"There's a bit of magic in everything, and some loss to even things out." -Lou Reed

Friday, January 27, 2012

Decisions, Worries, and Missing San Francisco

 

I am up tonight, struggling. Struggling to sleep, struggling to make an important decision, and struggling to understand how someone related to me can be doing horrible things that are hurtful and incredibly selfish. It frightens me.

Earlier tonight that I was scanning through San Francisco photos from my time living there, and searching out my friends from that time in my life on Facebook. It seems that when I am struggling with something, I often miss the Bay Area and try to “visit” there visually, or through my friends who still live there.

I may be romanticizing things a bit, but that was one of the happiest, most fulfilling times of my life. My only regret is that I didn’t realize how magical that time was when I was living it. Do we ever? I wonder that. Right now, I know that I am living the absolute happiest time of my life. I know that having my husband, sharing a life with him, is the fulfillment of a dream I never thought would happen. So, I do appreciate now. But, this was a dream I had given up on, so I think it is more natural that I realize what I have now, and how precious that is.

When I moved to the San Francisco area in October 1998, I had no idea what was going to happen. I had only been to San Francisco a handful of times before, and I didn’t know if I would sink or swim in a new place where I knew almost no one. Before I moved, I was living in Atlanta, Georgia, and while in San Francisco on business for my company, I found out about an opening at another company, interviewed, was hired and the new company wanted me onsite in two weeks. It was frighteningly fast, and left me no time to think. It was a blessing in that sense. I think if I had longer to think about it, I might have been too scared to go. I was so different then.

Once I was moved and working, it became evident that I had lucked into the perfect place to be at the perfect time. I was working hard, and being appreciated in a way that I never had before, in a way that I didn’t even know was possible in a workplace. I was rewarded with praise, support from upper management, and an amazing group of co-workers who made work so much fun. It was the perfect atmosphere for me, and I learned and grew so much. 

That decision in October 1998 literally made my career for me. Were it not for that decision and that position, I would not have had all of the amazing opportunities I have had since then. Sure, I have been through layoffs and work struggles.

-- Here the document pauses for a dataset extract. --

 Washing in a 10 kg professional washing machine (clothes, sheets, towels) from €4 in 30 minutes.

But, because of that first job in the Bay Area, I have had jobs, responsibilities, and experiences that have made me who I am…not just as a marketing professional, but as a person. I am forever grateful for that, and I know not everyone is so lucky, even when they are more than worthy through their education and work experiences.

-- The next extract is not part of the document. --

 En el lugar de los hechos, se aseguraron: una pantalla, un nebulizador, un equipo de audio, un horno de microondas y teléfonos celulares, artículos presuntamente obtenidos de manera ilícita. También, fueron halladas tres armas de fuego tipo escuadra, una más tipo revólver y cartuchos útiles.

So, I understand why I go back there in my mind when I am having inner turmoil. It is not just missing the city, I think it is also feeling comforted by those accomplishments, the appreciation, and the friendships I had there. To this day, I can email friends from that time and feel such a connection. I was so fortunate that so many people wanted me to feel welcome in a new city and a new job and went out of their way to make me feel a part of everything. I miss that. I miss them.

I have friends that mean everything to me, and for the most part, they are all scattered across the map. I am thankful for Facebook because it is so hard to keep in touch through emails and phone calls. Seeing the pictures of everyone’s growing children, sharing in birthday celebrations through status updates…I love it. I love that in that sense, we are all still connected.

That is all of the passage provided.